In particolare, l’art. 1 – che "tenta" di definire il mobbing con l’espressione "molestie morali, persecuzioni e violenze psicologiche sui luoghi di lavoro" – conterrebbe una definizione talmente vaga ed inadeguata da determinare una normativa che rimette ad organi amministrativi il compito e il potere di integrare sostanzialmente il disposto legislativo, anzi di sostituirsi al legislatore nazionale.

L’art. 5 estende l’ambito del mobbing ai familiari del lavoratore ed affida alla Giunta regionale una competenza a stabilire, mediante deliberazione a contenuto sostanzialmente regolamentare, "criteri e modalità" per la concessione di incentivi alla realizzazione di "supporti e terapie" senza specificare ad opera di quale organismo.

Inoltre gli artt. 2, 4, 6, 7 e 8 della legge in esame prevedono strutture amministrative tratteggiandone "in modo molto elastico" le funzioni ed i compiti.

L’art. 8, comma 1, prevede come obbligatorie le ispezioni all’interno dei luoghi di lavoro e, quindi, l’accesso coattivo in tali luoghi, la ricerca e l’esame di documenti, l’audizione di persone ad opera di addetti, di imprecisato livello (o qualifica) e stato giuridico, al Servizio di prevenzione e sicurezza.

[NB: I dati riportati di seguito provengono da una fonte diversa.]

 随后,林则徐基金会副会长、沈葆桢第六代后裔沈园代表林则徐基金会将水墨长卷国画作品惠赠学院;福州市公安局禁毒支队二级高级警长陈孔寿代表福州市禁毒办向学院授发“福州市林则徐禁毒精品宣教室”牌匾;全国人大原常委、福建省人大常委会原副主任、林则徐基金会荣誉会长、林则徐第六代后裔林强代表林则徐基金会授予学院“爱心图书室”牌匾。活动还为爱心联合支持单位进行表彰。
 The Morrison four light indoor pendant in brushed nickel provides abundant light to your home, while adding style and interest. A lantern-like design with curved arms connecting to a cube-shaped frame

In sintesi, la legge in esame non individuerebbe (e quindi non delimiterebbe) l’ambito dell’intervento della Regione e la tipologia dei "luoghi di lavoro", rendendo in tal modo possibili ingerenze (non soltanto della Regione ma anche di altre organizzazioni) nei rapporti di lavoro pubblico statale, ad esempio presso un tribunale od un ufficio territoriale del Governo, con invasione delle competenze di cui all’art. 117, secondo comma, lettera g), Cost.

Nel complesso – ad avviso del ricorrente – la legge impugnata omette di considerare la pluralità degli interessi generali (anche privati) compresenti e la necessità di reperire un equilibrio tra loro, crea uno strumento pervasivo e di non garantita neutralità per interventi nei rapporti contrattuali di lavoro e nelle attività imprenditoriali e delle pubbliche amministrazioni ed infine introduce una disciplina "territorialmente differenziata" in assenza di principi fondamentali unificanti.

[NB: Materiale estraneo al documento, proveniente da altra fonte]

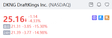 在線博彩公司DraftKings大跌近15%,業績指引不及預期;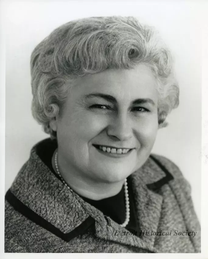 Request ImageBlack and white portrait of Olga Madar. She wears a pearl necklace and is smiling.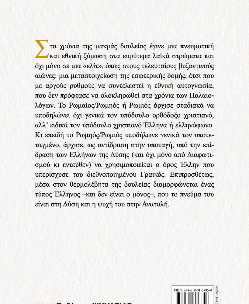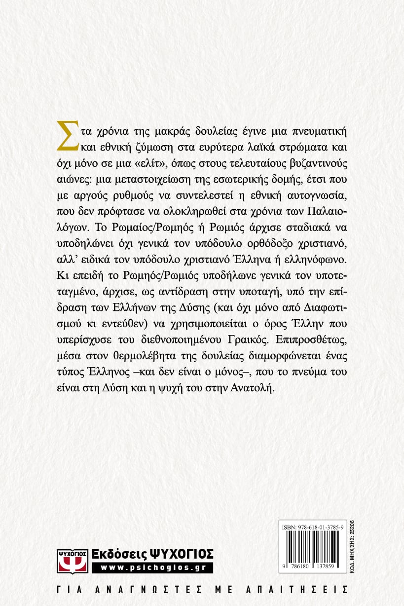 Στα χρόνια της μακράς δουλείας έγινε μια πνευματική και εθνική ζύμωση στα ευρύτερα λαϊκά στρώματα και όχι μόνο σε μια «ελίτ», όπως στους τελευταίους βυζαντινούς αιώνες: μια μεταστοιχείωση της εσωτερικής δομής, έτσι που με αργούς ρυθμούς να συντελεστεί η εθνική αυτογνωσία, που δεν πρόφτασε να ολοκληρωθεί στα χρόνια των Παλαιολόγων. Το Ρωμαίος/Ρωμηός ή Ρωμιός άρχισε σταδιακά να υποδηλώνει όχι γενικά τον υπόδουλο ορθόδοξο χριστιανό, αλλ’ ειδικά τον υπόδουλο χριστιανό Έλληνα ή ελληνόφωνο. Κι επειδή το Ρωμηός/Ρωμιός υποδήλωνε γενικά τον υποτεταγμένο, άρχισε, ως αντίδραση στην υποταγή, υπό την επίδραση των Ελλήνων της Δύσης (και όχι μόνο από Διαφωτισμού κι εντεύθεν) να χρησιμοποιείται ο όρος Έλλην που υπερίσχυσε του διεθνοποιημένου Γραικός. Επιπροσθέτως, μέσα στον θερμολέβητα της δουλείας διαμορφώνεται ένας τύπος Έλληνος –και δεν είναι ο μόνος–, που το πνεύμα του είναι στη Δύση και η ψυχή του στην Ανατολή.

La censurata normativa sarebbe perciò in contrasto con l’art. 117, secondo comma, lettere g) ed l), e con l’art. 118, primo comma, Cost.

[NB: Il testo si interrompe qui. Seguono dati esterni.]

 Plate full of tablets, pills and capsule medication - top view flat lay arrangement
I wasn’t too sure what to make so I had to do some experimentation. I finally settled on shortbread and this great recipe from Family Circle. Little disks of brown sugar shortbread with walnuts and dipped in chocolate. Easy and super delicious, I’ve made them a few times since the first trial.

Circa il denunciato contrasto con la riserva allo Stato della produzione legislativa in materia di ordinamento civile, nel ricorso si osserva che la legge in esame inciderebbe sui rapporti civilistici interpersonali, non soltanto di lavoro e di impresa, anche in modo imprevedibile e non definirebbe le tipologie dei "fenomeni" considerati, i quali sono destinati a tramutarsi in fattispecie di illecito contrattuale.

La legge sarebbe inoltre in contrasto con l’art. 117, terzo comma, Cost. (tutela della salute, tutela e sicurezza del lavoro), non essendo ricollegata a "principi fondamentali" posti dal Parlamento nazionale, al quale è riservato il compito di definire il cosiddetto mobbing.

2.— Si è costituita in giudizio la Regione Umbria, affermando anzitutto che la legge in argomento non contiene alcuna definizione del mobbing; l’art. 1, infatti, recita: "[...] in attuazione degli articoli 1, 2, 3, 4, 32 e 41 della Costituzione italiana, nel rispetto della normativa statale vigente e dell’ordinamento comunitario", e così riconosce, tra le finalità della Regione, il compito di promuovere "azioni ed iniziative volte a prevenire e contrastare l’insorgenza e la diffusione di fenomeni di molestie morali, persecuzioni e violenze psicologiche sui luoghi di lavoro, di seguito denominate mobbing".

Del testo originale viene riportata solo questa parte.